Thanks again everyone !!!
 
Assuming pH’s creep upward bc you have to run the pump more to generate FC from SWG. That add’l aeration does it.
Yeah. The SWG takes the blame but it's really the pump. I would run 24/7 either way and would see no change. Somebody running 4-6 hours with LC has to change to 12-24 hours with a SWG (depending on how big they sized it) and it's a huge change in aeration for them.
What is the target CYA w SWG? I keep mine at 30-50ppm CYA
You will likely need the same +20 in the peak season as you do now, but start at 70 for the easy part of the season.
Can I still add pucks periodically to raise CYA? If so, do I just cut back FC output on SWG,
Yup. Or just run hot. The 2ppm from the puck won't last long and isn't worth your trouble to mess with the SWG. Unless you did it for the week or more.

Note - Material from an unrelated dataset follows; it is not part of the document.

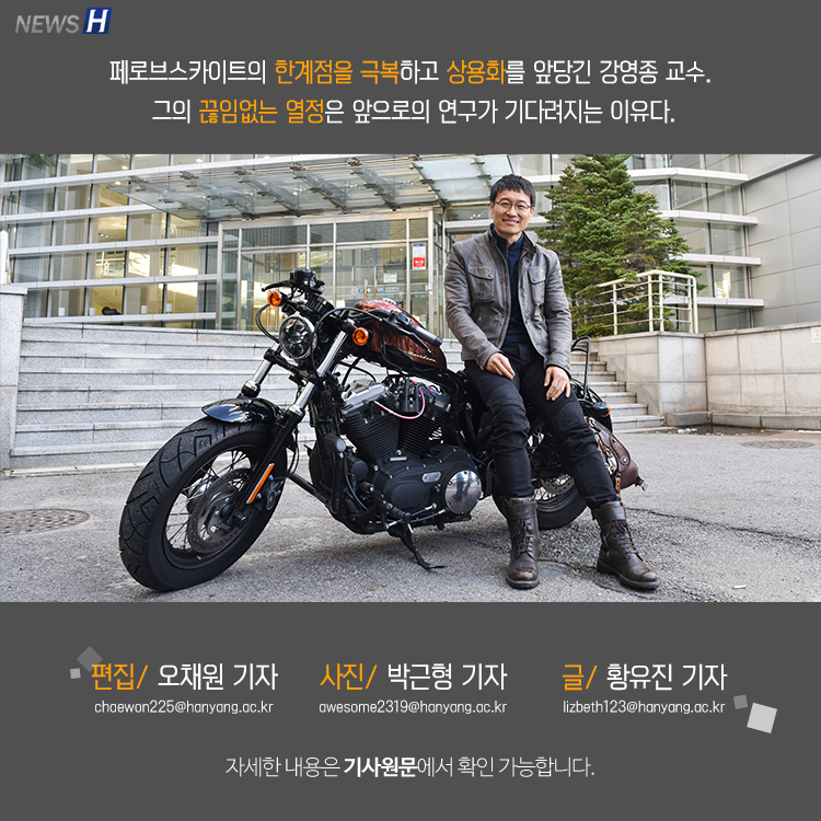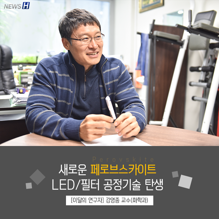 [이달의 연구자] 강영종 교수(화학과) ▲ 카드뉴스의 원본 기사는 아래에서 읽을 수 있습니다.- [이달의 연구자] 강영종 교수(화학과)▲ Click to read the English article - [Researcher of the Month] New Technology of Patterning the Perovskite 키워드 '한양위키' 키워드 보기 #LED #강영종 #리소그래피 #카드뉴스 #페로브스카이트 #한양대학교 오채원 chaewon225@hanyang.ac.kr 다른기사 보기 저작권자 © 뉴스H 무단전재 및 재배포 금지 당신만 안 본 뉴스 [포토스토리] "AI 시대 해답은 브랜딩", 오세훈 서울시장의 경영학 특강 현장 Into the Creation 2025, 창작자들의 꿈에 날개를 이찬규 학생, 사이버·우주 융합연구로 2025 사이버안보논문공모전 대상 수상 한양대, '2026 QS 지속가능성 순위' 세계 161위, 국내 4위 기록 해커톤에서 인턴십까지, 현대차 사내 스타트업에 다녀오다 [창업지원단 인턴십 경험기] [포토스토리] 한양 속에 사회혁신을 품다, SSIR 먼슬리 콜로키움 현장 행복은 좋은 경험의 ‘빈도’에서, 서은국 교수와 함께한 한양인의 힐링콘서트 현장 [포토스토리] "AI 시대 해답은 브랜딩", 오세훈 서울시장의 경영학 특강 현장 댓글삭제 삭제한 댓글은 다시 복구할 수 없습니다. 그래도 삭제하시겠습니까? 비밀번호 닫기 기사 댓글 0 댓글 접기 로그인 후 이용 가능합니다. 댓글 내용입력 비회원 로그인 이름 비밀번호 댓글 내용입력 댓글쓰기 계정을 선택하시면 로그인·계정인증을 통해 댓글을 남기실 수 있습니다. 회원 로그인 비회원 글쓰기 이름 비밀번호 자동등록방지 로그인 옵션 창닫기 기획기사 [포토스토리] "AI 시대 해답은 브랜딩", 오세훈 서울시장의 경영학 특강 현장 Into the Creation 2025, 창작자들의 꿈에 날개를 해커톤에서 인턴십까지, 현대차 사내 스타트업에 다녀오다 [창업지원단 인턴십 경험기] [포토스토리] 한양 속에 사회혁신을 품다, SSIR 먼슬리 콜로키움 현장 행복은 좋은 경험의 ‘빈도’에서, 서은국 교수와 함께한 한양인의 힐링콘서트 현장 [카드뉴스] '한양대학교 SDGs? 알고 보니 내 일상 속에 있었다!' 1편

Assuming w swings in high rains, high pool usage, I’ll be adjusting the cell anyway
No. You set the SWG to manage the highest loss day at that point in the season. Then on lesser days you overproduce. And that's OK and the path to not micromanaging. You can drive yourself nuts adjusting it down all the time any time it's cloudy or less UV, and it might leave you short tomorrow. Or, have to be adjusted back up 2 days after that.
Are all the other Chem additives going to be the same (baking soda, acid, CA)?
No changes anywhere except how the FC is added, and the initial bump to SWG salinity. (Check before, * the day before as it will be more than now * , for a baseline and add 80%, creeping up the rest of the way)
 
Recommended levels

I just installed a Hayward SWG, brought it online a few days ago. Really early so will see how it goes. It is recommended here, a big reason why I picked it.

I'm far from an expert, but seems like with your Hayward prologic you just need to buy the SWG cell, oversize is recommended.
I had to buy the cell and controller system, about twice as much as just the cell.